Properties of heat equation
The answer is no. A counterexample has the form $$u(x,t)=\sum_0^\infty \frac{g^{(n)}(t)}{((2n+1)!)^2}(r-R)^{2n+1},$$ where $r>R$ is the distance from the origin in $R^2$. First one shows that this function satisfies the heat equation formally. Second, there exists an infinitely differentiable $g\not\equiv 0$ such that $g^{(n)}(0)=0$ for all $n\geq 0$, and such that the above series converges. So our function is not zero, satisfies the heat equation in the exterior of the ball, and has zero boundary and initial conditions. For the existence of such $g$ one can refer to http://www-bcf.usc.edu/~lototsky/MATH445/NonUniqueness-HeatEq.pdf
WLOG, $u$ is negavive somewhere, otherwise replace it by $-u$. Then add a small positive constant to $u$, the boundary and initial conditions will be positive, but $u$ is still negative somewhere.
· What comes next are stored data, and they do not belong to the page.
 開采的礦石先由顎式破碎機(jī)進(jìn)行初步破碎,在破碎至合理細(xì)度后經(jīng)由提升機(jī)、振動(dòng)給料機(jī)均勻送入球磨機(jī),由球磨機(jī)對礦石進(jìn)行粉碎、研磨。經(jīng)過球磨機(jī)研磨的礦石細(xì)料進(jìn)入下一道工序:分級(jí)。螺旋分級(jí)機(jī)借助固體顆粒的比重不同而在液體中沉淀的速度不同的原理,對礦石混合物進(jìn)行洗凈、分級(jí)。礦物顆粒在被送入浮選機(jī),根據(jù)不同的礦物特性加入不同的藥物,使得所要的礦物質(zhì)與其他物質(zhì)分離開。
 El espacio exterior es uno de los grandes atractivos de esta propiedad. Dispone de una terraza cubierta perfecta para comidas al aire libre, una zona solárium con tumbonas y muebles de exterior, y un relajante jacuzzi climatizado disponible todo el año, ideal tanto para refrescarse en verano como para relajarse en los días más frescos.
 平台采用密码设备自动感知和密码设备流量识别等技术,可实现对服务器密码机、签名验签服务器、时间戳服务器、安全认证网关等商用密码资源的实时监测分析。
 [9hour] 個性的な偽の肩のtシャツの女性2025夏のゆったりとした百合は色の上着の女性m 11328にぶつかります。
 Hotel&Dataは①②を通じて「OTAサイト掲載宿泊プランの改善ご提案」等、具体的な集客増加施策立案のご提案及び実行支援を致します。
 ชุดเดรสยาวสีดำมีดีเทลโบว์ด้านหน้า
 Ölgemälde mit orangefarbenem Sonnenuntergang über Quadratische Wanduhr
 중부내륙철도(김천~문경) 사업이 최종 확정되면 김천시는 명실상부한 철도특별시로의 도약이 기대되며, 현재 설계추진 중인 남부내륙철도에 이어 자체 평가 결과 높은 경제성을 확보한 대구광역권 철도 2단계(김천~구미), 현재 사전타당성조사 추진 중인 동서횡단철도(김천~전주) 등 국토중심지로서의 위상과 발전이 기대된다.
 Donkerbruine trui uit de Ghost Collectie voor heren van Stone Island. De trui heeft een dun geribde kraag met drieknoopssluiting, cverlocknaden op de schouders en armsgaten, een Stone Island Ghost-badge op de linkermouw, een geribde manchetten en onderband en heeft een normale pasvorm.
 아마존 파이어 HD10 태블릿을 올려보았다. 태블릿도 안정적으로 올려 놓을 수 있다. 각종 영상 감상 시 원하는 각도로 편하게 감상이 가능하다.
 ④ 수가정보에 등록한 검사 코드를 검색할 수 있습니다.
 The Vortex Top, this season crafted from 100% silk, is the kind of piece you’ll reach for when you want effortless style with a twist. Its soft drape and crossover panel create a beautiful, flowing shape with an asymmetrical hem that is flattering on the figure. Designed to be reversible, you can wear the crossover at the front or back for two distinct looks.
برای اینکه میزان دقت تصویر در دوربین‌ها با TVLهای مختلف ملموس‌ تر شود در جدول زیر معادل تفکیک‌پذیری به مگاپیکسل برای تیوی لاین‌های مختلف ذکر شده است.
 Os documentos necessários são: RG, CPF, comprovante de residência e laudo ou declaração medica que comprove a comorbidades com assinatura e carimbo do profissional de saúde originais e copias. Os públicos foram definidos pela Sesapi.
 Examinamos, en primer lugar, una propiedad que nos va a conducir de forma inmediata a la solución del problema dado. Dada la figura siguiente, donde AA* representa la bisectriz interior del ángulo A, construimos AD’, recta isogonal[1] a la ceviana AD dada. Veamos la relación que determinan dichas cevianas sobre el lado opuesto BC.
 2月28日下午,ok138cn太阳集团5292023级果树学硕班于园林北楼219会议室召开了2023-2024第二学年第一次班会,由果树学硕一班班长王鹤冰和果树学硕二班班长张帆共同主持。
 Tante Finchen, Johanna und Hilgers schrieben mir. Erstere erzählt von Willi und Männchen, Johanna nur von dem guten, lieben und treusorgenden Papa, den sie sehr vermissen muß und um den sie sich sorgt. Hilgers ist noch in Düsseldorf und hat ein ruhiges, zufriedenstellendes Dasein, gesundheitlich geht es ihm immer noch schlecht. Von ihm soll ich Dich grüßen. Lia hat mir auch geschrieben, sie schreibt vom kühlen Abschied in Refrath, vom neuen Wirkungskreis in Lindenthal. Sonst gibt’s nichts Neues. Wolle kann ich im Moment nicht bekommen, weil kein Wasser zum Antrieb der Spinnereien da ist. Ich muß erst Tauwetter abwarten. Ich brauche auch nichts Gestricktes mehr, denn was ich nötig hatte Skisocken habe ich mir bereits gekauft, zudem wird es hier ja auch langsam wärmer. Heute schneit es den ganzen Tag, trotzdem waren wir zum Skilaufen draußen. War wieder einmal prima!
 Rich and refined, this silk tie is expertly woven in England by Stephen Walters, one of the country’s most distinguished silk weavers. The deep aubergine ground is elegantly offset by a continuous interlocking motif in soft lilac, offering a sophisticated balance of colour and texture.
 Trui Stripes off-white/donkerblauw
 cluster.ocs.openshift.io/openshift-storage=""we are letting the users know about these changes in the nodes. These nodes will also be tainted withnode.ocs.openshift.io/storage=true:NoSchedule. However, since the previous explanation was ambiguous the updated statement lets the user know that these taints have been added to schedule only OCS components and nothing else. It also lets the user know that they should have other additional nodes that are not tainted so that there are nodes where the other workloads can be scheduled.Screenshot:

As a companion to Alexandre Eremenko's answer, the answer to your question is "yes" if we assume in addition that $u$ satisfies the growth condition $|u| < Ae^{M|x|^2}$ for some $A,\,M > 0$.
To see this assume for simplicity that $a = 0$ and $T = 1$. Let $h_R = -t^{-1/2}e^{-\frac{(x-R)^2}{4t}}$ and let $b_R = Ae^{MR^2}h_R$. By the comparison principle on bounded domains we have $u \geq b_R$ on $[0,\,R] \times [0,\,1]$. A short computation shows that $b_R \geq -8A\sqrt{M}e^{-3MR^2}$ on $[0,\,R/2] \times [0,\, (64M)^{-1}]$. Taking $R \rightarrow \infty$ we conclude that $u \geq 0$ for $t \in [0,\,(64M)^{-1}]$, and repeating the argument finitely many times we get $u \geq 0$ on $[0,\,T]$. That $u > 0$ follows from the strong maximum principle.